Mind le gap! France spends $15 billion on trains that are too fat for 1,300 station platforms

The SNCF blamed the blunder on the decision to split the state-owned network in two in 1997

paris

The country that brought the TGV high-speed train to Europe has accidentally created another first – the TFT, or the Too Fat Train.

More than 2,000 new regional trains ordered by the French state railways company, the SNCF, are too wide to enter the old, rural stations that they are supposed to serve. To the indignation of national and local politicians, 1,300 platforms have to be rebuilt at a cost of at least €50m.

“It’s like ordering a big, new car without checking the width of your garage,” said Emmanuel Grondein, of the SUD-Rail trade union.

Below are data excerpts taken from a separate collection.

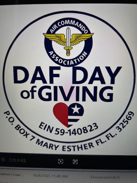 We’re proud to be part of Donor Advised Funds Giving Day – October 9th! As Treasurer of the Air Commando Association, I’m excited to share that we’re joining this national movement to make a difference through donor-advised funds. This is your chance to support the men and women of Air Force Special Operations Command — quiet professionals who serve with courage, sacrifice, and honor. 💙 Your gift helps us: • Care for Air Commando families • Preserve their legacy • Support those still serving If you have a donor-advised fund, please consider recommending a grant to the Air Commando Association. Let’s make this Giving Day count. Together, we can honor those who give so much for our freedom. Please mail checks to the Air Commando Association, P.O. Box 7 Mary Esther FL 32569. #DonorAdvisedFunds #GivingDay #AirCommandoAssociation #AFSOC #HonorTheLegacy #SupportSpecialOperations #VeteransSupport #MilitaryCharity Julie Crutchfield Treasurer, Air Commando Association (fb)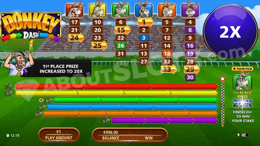 While starting the game, the player gets to choose one of the six donkeys on a pick screen. You can also change your bet, between 0.50 and 30. Every donkey has between 3 and 8 arrows going horizontally between them and the finish line. The lowest-paying donkey is the red one, doubling the bet in case of a win. He has only 3 arrows between him and the finish line. The best-paying runner in this competition is the purple donkey who has 8 arrows between him and the finish line. If you manage to race him first to the finish line, you’re awarded 100X the bet. Ending up in second place will give you 1X the bet, no matter what donkey you’re racing, and positions 3-6 don’t pay anything. This is how much each donkey pays for winning the race and how many arrows they have: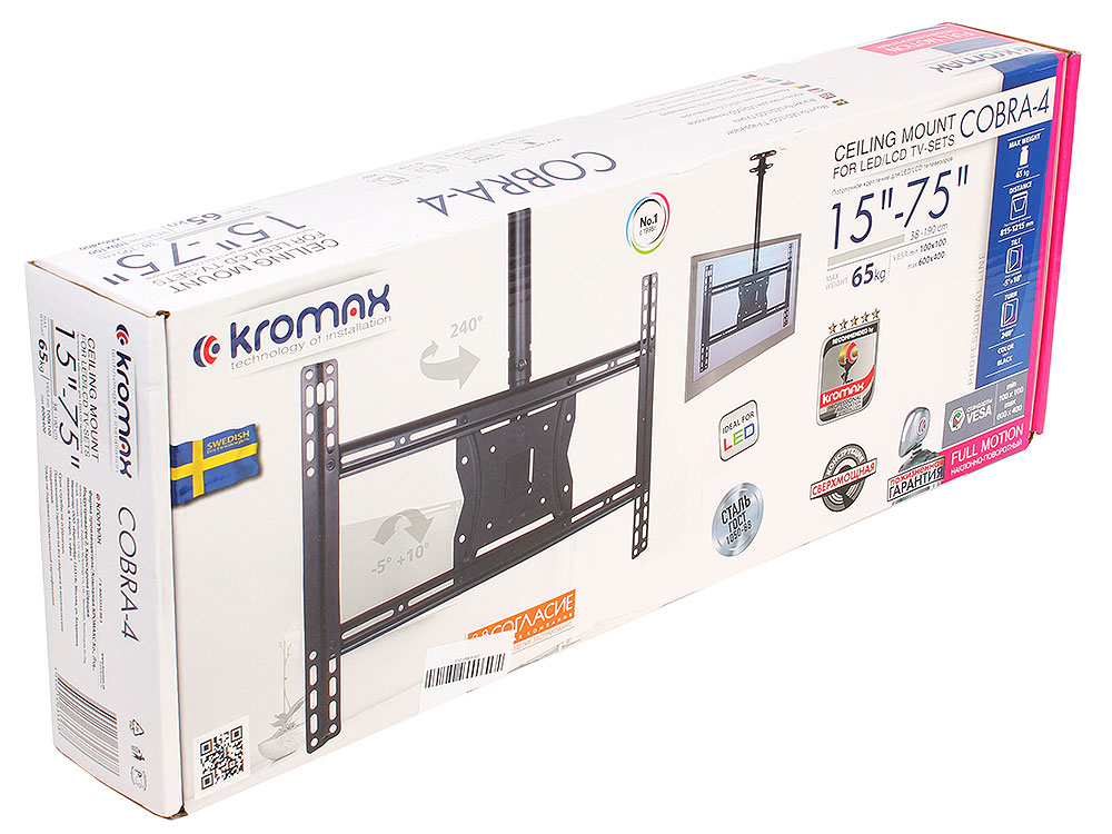 Особенности: Возможность крепления к наклонному потолку. Надежная стальная конструкция. Кабель-канал. Максимальная степень подвижности. Легкая регулировка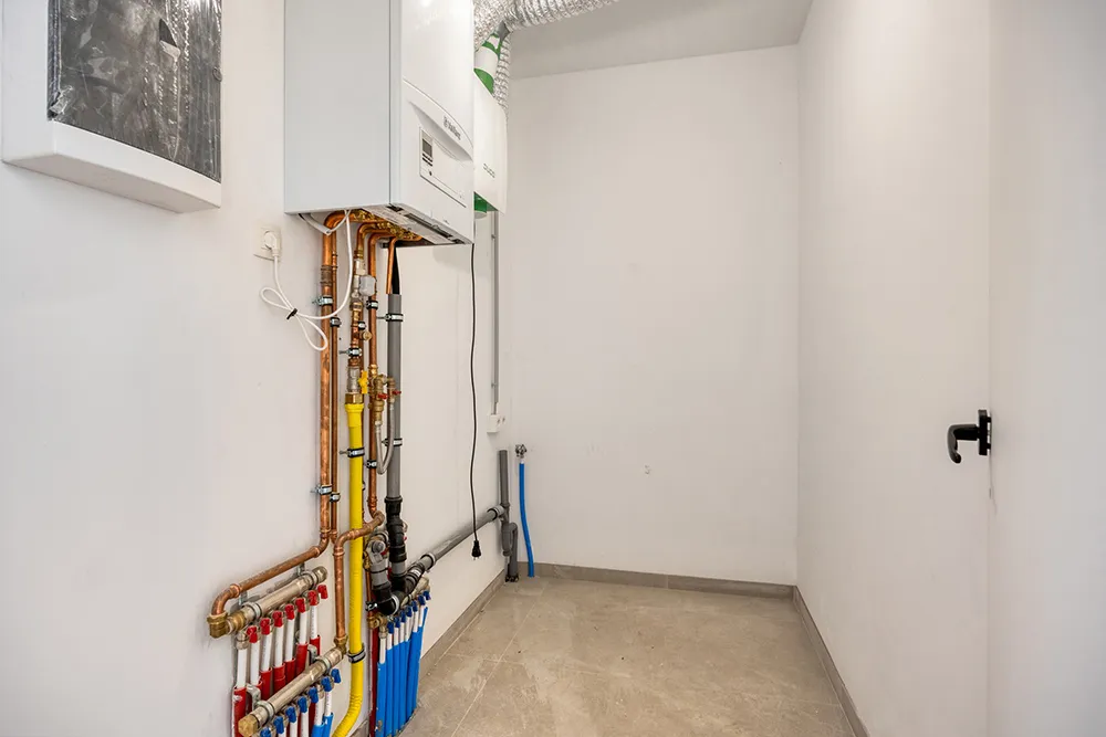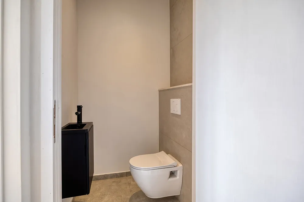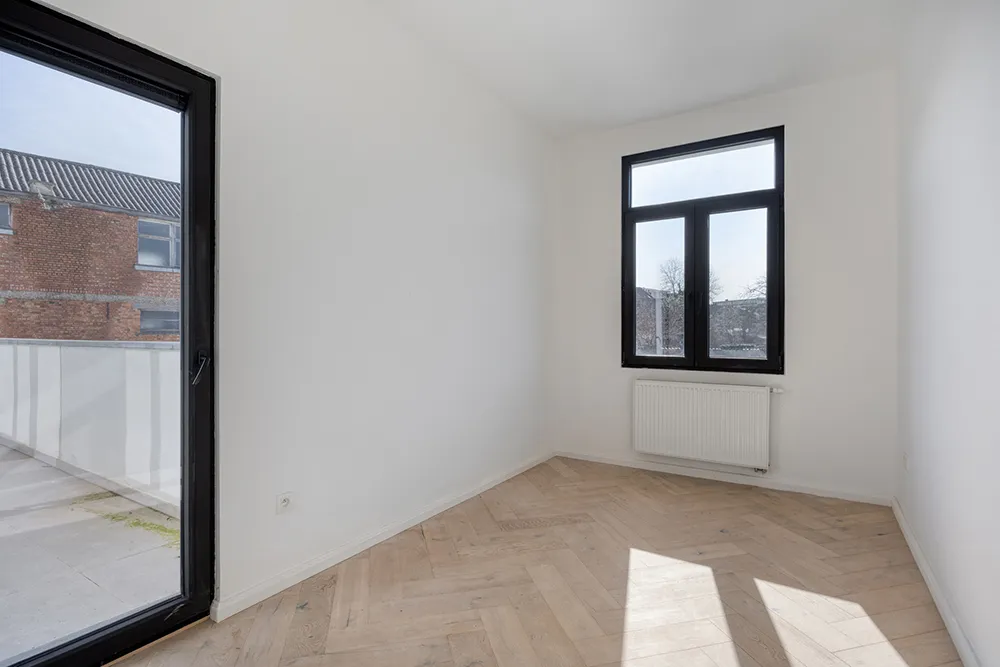 This recently renovated flat is located on the first floor of a building with six flats. The entire building has been renovated from top to bottom, both externally and internally, with an eye for style and quality. This flat has three spacious bedrooms, a beautiful living area with open kitchen, bathroom, storage room and terrace. There is also a bicycle storage room and a parking space can be purchased as an option. There are no charges and all meters are individual.

As rage and amusement competed on French social networks, the two state-owned companies involved sought to shrug off the blunder and also to turn it to their advantage.

VIDEO: France's costly train blunder

It was “perfectly normal” for 19th-century stations to be modified to take new generations of trains, said Jacques Rapoport, head of Réseau Ferré de France, the organisation that owns the French rail network. Many stations had also been rebuilt to take France’s very successful high-speed TGV trains from the early 1980s, he pointed out.

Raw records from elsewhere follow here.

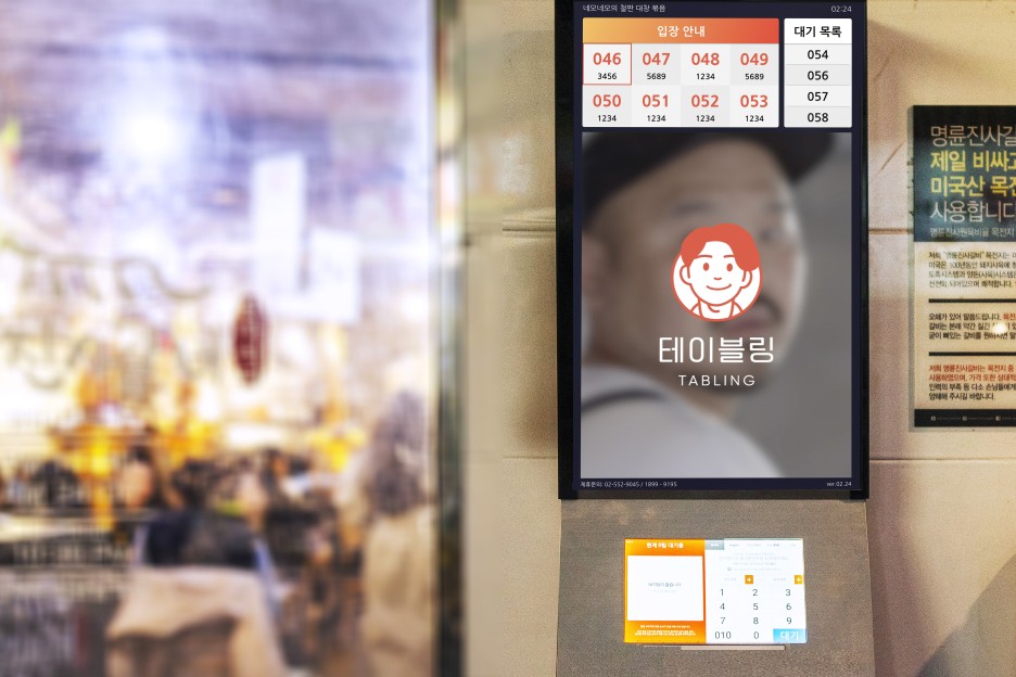 테이블링은 맛집 매장 앞 대기 키오스크에 직접 대기를 입력하는 시스템입니다. 손님들은 키오스크 태블릿을 통해 대기 명단을 접수하면서 본인의 대기 순서를 확인하는 과정에서 키오스크 디스플레이에 송출되는 광고를 접하게 됩니다.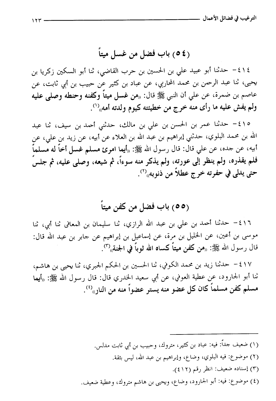 414 - حَدَّثَنَا أَبُو عُبَيْدٍ عَلِيُّ بْنُ الْحُسَيْنِ بْنِ حَرْبٍ الْقَاضِي، ثنا أَبُو السُّكَيْنِ زَكَرِيَّا بْنُ يَحْيَى، ثنا عَبْدُ الرَّحْمَنِ بْنُ مُحَمَّدٍ الْمُحَارِبِيُّ، عَنْ عَبَّادِ بْنِ كَثِيرٍ، عَنْ حَبِيبِ بْنِ أَبِي ثَابِتٍ، عَنْ عَاصِمِ بْنِ ضَمْرَةَ، عَنْ عَلِيٍّ، أَنَّ النَّبِيَّ صَلَّى اللَّهُ عَلَيْهِ وَسَلَّمَ قَالَ: §«مَنْ غَسَّلَ مَيِّتًا وَكَفَّنَهُ وَحَنَّطَهُ وَحَمَلَهُ وَصَلَّى عَلَيْهِ وَلَمْ يُفْشِ عَلَيْهِ مَا رَأَى مِنْهُ؛ خَرَجَ مِنْ خَطِيئَتِهِ كَيَوْمِ وَلَدَتْهُ أُمُّهُ»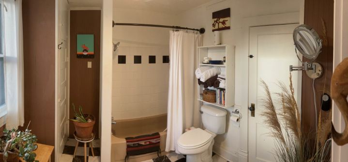The main bathroom blends classic character with thoughtful updates. It features matching white subway tile in the shower and an original cocoa-brown cast iron bathtub that adds timeless charm. New checkerboard mosaic tile flooring provides a stylish, vintage-inspired touch. The space also includes two floor-to-ceiling storage cabinets, offering ample room for linens and essentials.

“Admittedly”, he said, the excessive width of the new regional express trains had been “discovered a little late”. All the same, the cost of rebuilding platforms and increasing the distance between tracks would be “only” €50m, around 1 per cent of RFF’s annual budget for modernisation and repairs.

The SNCF – which runs almost all of the trains on RFF’s tracks – blamed the blunder on the decision to split the state-owned network in two in 1997. The RFF (the equivalent of Network Rail in Britain) had failed to point out that many of its older stations still had platforms incompatible with the new trains ordered from Alstom and Bombardier at a cost of €15bn.

As if by coincidence, a draft law is due to come before the French parliament next month to merge, or re-merge, the two state-owned bodies from next year. Both the SNCF and RFF support the plan but it faces stiff opposition from the French right.

Could the story have been leaked to the investigative weekly newspaper, Le Canard Enchainé, to help make the case?

The SNCF said that the mistake would have no effect on fares. Nor would it delay the introduction of the smart new Regiolis and Regio 2N trains. More than 300 platforms had already been cut back.

The RFF said the cost would come from its existing budget. Since part of the cost of the network is borne by France’s regional governments, a row over who pays is nonetheless raging.

Alain Rousset, of the Association of French Regions, said: “We will refuse to pay an extra centime for these repairs. We can’t be at once the financiers of the network and lambs to be fleeced.”

Jean-Christophe Cambadélis, leader of the Socialist party, called on Mr Rapoport of the RFF and Guillaume Pépy, head of the SNCF, to resign.

Both have been called to face interrogation “as soon as possible” by the National Assembly’s environment committee. A case of two “fat controllers” who failed to spot that their trains were oversized?